Сон был иным, чужим. Он не плыл в привычном, туманном океане подсознания, а стоял, затерянный, в абсолютной, всепоглощающей пустоте космоса без звезд. Не было ни света, ни тьмы, ни верха, ни низа – лишь леденящее душу ощущение полного, безраздельного одиночества во Вселенной, затерянной песчинки на берегу вечности. И вдруг из этой бездны небытия на него уставился Взгляд. Тот самый омут, который он когда-то чувствовал в час суморочи в лесу и давно, как ему казалось, вытеснил в дальние, запечатанные уголки памяти. «Нечто». Оно не имело формы, но присутствовало всей гнетущей тяжестью вселенского безразличия и пристального, неумолимого, как тиски, любопытства.

Ты наращиваешь связи, маленькая ветвь на древнем древе, – прозвучало в его сознании, подобно скрежету гигантских ледяных глыб, движущихся в глубине ледника. Ты впускаешь в себя мир. Ты становишься проводником. Антенной, что ловит шепот умирающих светил. Но мир болен, Салем. Его раны зияют, как кратеры на лике луны, а кровь – это яд Зон, отравляющий все живое. Ты станешь его частью. Или его лекарством? Выбор – иллюзия. Есть лишь путь.
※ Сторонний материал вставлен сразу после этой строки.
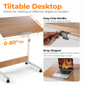 This table adopts E1 grade environmental protection particle board and base is made of high-strength carbon steel. The desktop angle is adjusted from 0° to 80° - reading, painting, writing and working to meet daily needs. The height adjustable mechanism operates with rotary knob for dynamic study or work. With four high quality wheels with brakes, it allows you relocate the table easily.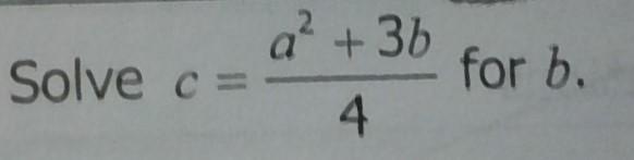 3. Divide both sides by 3 to isolate b, you get b = 4c/3 - a^2/3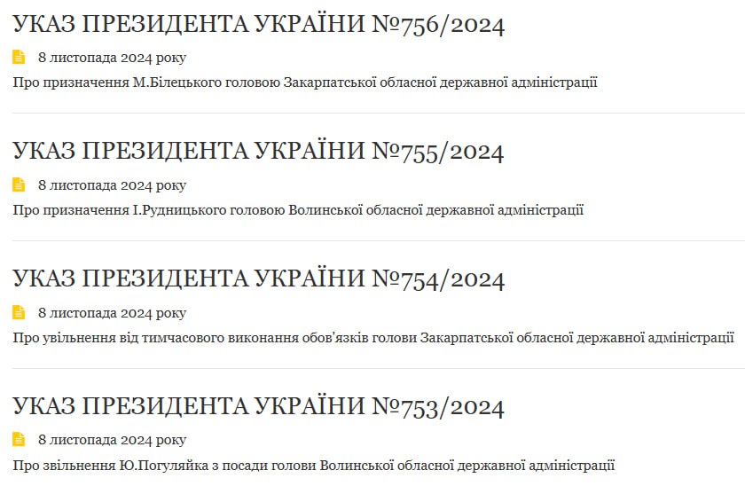 Третьим и четвертым указами в Закарпатье и.о. главы области Мирослав Билецкий получил постоянное место председателя ОГА.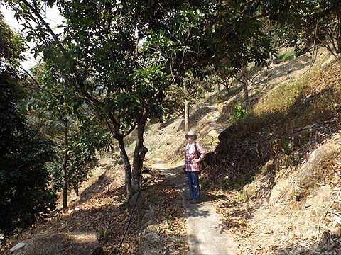 We returned to the junction mentioned above and turned left along a path which followed the contour. To our right there were excellent views across to the 'Temple with the View' and the house with the Sacred Heart lady can be picked out just to the right of centre. The cleared area poking out above the near trees is just above the valley floor at the point where the 'main road' starts its climb with a zig-zag. We find this kind of sighting extremely helpful in working out the courses followed on our walks and also in suggesting future possible routes.

Салем попытался крикнуть, возразить, но не смог издать ни звука; его голос застрял в горле, словно камень. Он чувствовал, как его «я», его разум, выстроенный на логике, контроле и железной воле, начинает расслаиваться, как старое, трухлявое дерево под натиском урагана. Воспоминания, знания, страхи, тактильные ощущения – все смешалось в хаотичный, оглушительный вихрь, который рвал и метал его душу. Он видел карту Зон не как чертеж на бумаге, а как живую, пульсирующую кровавыми прожилками паутину, наброшенную поверх реальности, удушающую ее в своих объятиях. Он чувствовал их пульсацию, как собственное сердцебиение – неровное, прерывистое. Пронзительный холод «Морозных Игл» обжигал ему легкие, давящая, каменная тяжесть «Тяжелого Перевала» вдавливала его в землю, а скрежет «Гремящих Ступеней» звенел в ушах, угрожая разорвать барабанные перепонки и пролиться кровью на холодный пол.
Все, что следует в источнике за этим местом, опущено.